→ **DESCRIPTION OF THE TASK**:
Copy the records word for word, omitting all pictures.

→ **DATA**:
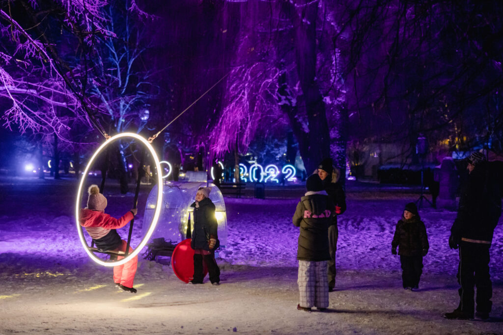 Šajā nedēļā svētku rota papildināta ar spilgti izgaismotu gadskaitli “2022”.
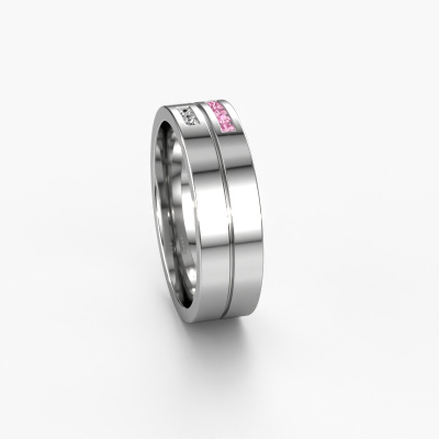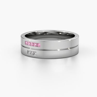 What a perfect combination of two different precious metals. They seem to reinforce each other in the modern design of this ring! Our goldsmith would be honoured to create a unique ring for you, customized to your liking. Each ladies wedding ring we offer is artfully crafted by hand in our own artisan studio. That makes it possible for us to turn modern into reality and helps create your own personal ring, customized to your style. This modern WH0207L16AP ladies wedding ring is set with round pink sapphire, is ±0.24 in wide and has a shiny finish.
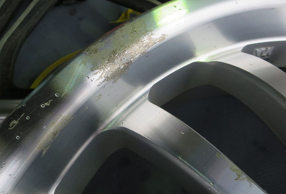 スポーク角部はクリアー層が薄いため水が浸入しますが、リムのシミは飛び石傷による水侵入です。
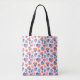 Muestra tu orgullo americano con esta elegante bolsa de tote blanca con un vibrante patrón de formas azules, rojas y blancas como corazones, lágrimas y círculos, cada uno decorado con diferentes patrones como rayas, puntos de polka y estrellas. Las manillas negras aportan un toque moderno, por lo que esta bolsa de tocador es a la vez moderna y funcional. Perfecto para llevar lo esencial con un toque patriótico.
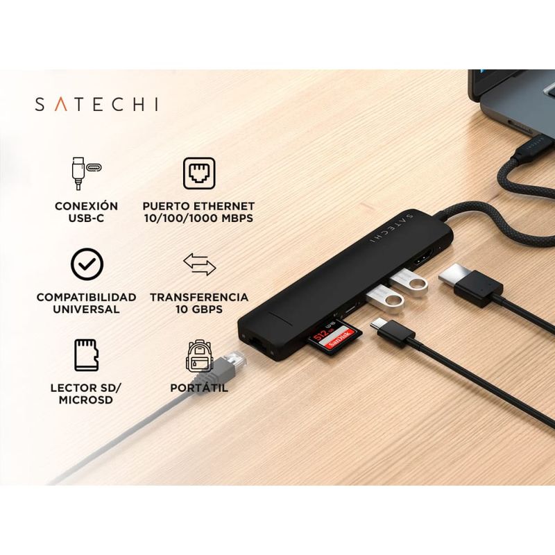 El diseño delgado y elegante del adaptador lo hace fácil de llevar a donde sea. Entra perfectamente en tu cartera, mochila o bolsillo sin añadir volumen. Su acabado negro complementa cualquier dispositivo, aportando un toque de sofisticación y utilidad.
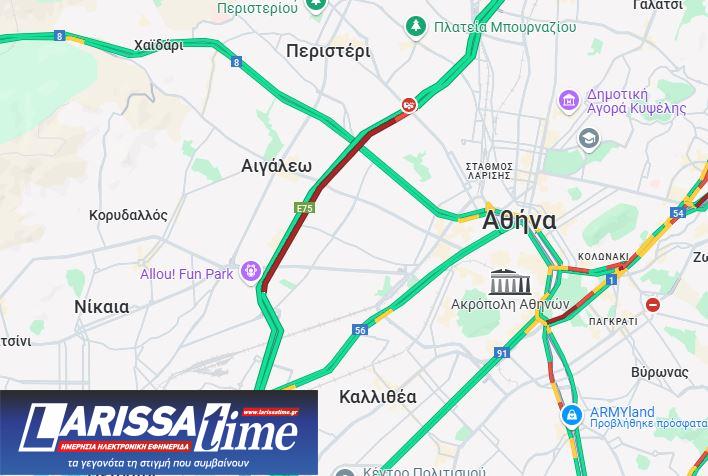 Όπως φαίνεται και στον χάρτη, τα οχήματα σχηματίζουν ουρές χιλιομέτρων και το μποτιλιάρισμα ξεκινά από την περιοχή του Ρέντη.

→ **THE COMPLETED TASK**:
 Šajā nedēļā svētku rota papildināta ar spilgti izgaismotu gadskaitli “2022”.
 What a perfect combination of two different precious metals. They seem to reinforce each other in the modern design of this ring! Our goldsmith would be honoured to create a unique ring for you, customized to your liking. Each ladies wedding ring we offer is artfully crafted by hand in our own artisan studio. That makes it possible for us to turn modern into reality and helps create your own personal ring, customized to your style. This modern WH0207L16AP ladies wedding ring is set with round pink sapphire, is ±0.24 in wide and has a shiny finish.
 スポーク角部はクリアー層が薄いため水が浸入しますが、リムのシミは飛び石傷による水侵入です。
 Muestra tu orgullo americano con esta elegante bolsa de tote blanca con un vibrante patrón de formas azules, rojas y blancas como corazones, lágrimas y círculos, cada uno decorado con diferentes patrones como rayas, puntos de polka y estrellas. Las manillas negras aportan un toque moderno, por lo que esta bolsa de tocador es a la vez moderna y funcional. Perfecto para llevar lo esencial con un toque patriótico.
 El diseño delgado y elegante del adaptador lo hace fácil de llevar a donde sea. Entra perfectamente en tu cartera, mochila o bolsillo sin añadir volumen. Su acabado negro complementa cualquier dispositivo, aportando un toque de sofisticación y utilidad.
 Όπως φαίνεται και στον χάρτη, τα οχήματα σχηματίζουν ουρές χιλιομέτρων και το μποτιλιάρισμα ξεκινά από την περιοχή του Ρέντη.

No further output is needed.